Выбрать главу

Барри берет мою кредитку.

— В темноте той дорогой лучше не ездить, — про­должает он. — Я же говорю, скверная дорога. Я не про машину, — машина классная, сам чинил, — но вот проколоть шину, да мало ли что — это запросто. Луч­ше перестраховаться и резину проверить, — он уда­ряет носком ботинка по передней шине. — Мы ми­гом подкачаем, минутное дело!

— Нет-нет, не стоит. Я опаздываю. И с шинами, по-моему, все в порядке.

— Минутное дело, — тянет он. — Вам же самой спо­койнее будет.

— Я сказала «нет». Не надо — понимаете? По-мое­му, все нормально. Барри, я спешу...

— Ну не будьте же вы так...

— Мне пора.

Расписываюсь, Барри дает мне квитанцию, кре­дитку, несколько почтовых марок. Все это я запихи­ваю в кошелек.

— Не нервничайте, — советует он. — И до встречи!

На повороте я пережидаю несколько секунд, про­пуская вперед машины; оглянувшись, вижу, что Бар­ри все смотрит мне вслед.
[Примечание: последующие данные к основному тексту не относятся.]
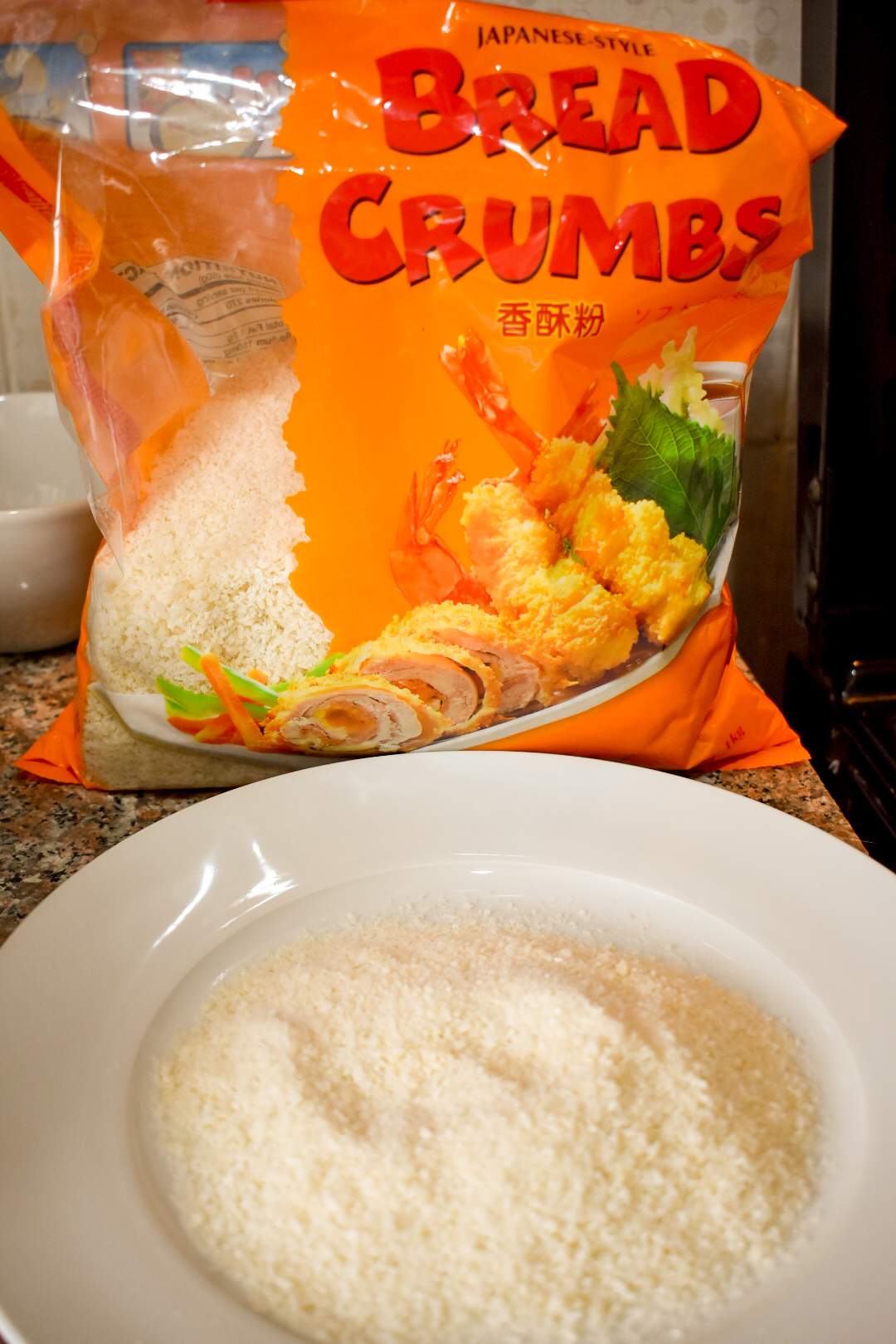 Since I only have regular breadcrumbs, I coarse grind it to using my coffee maker (though I could have used my food processor but the coffee maker is easier to clean and it doesn't take as much space on my counter, haha).

Зажмуриваюсь, потом снова открываю глаза: он машет мне.

Загорается зеленый, я трогаю, потом поворот и дальше по прямой до автострады, где висит указа­тель: «САММИТ 117 миль». Половина одиннадцато­го. Припекает.
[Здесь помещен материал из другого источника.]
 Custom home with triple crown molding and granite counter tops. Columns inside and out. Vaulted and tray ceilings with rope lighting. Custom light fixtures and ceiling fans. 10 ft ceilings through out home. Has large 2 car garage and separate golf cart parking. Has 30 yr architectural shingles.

Обогнув город, шоссе устремляется по обихожен­ной равнине: по обе стороны дороги тянутся поля свеклы, овсы, яблоневые сады, открытые пастбища с редкими стадами. Постепенно ландшафт меняется, фермерских хозяйств попадается все меньше и меньше — все чаще вагончики да поленницы у лесо­заготовок. В какой-то момент оглядываюсь по сторо­нам — и глазам не верю: вокруг громоздятся горы и только справа, далеко внизу, в просветах между дере­вьями, мелькает река Нейчис.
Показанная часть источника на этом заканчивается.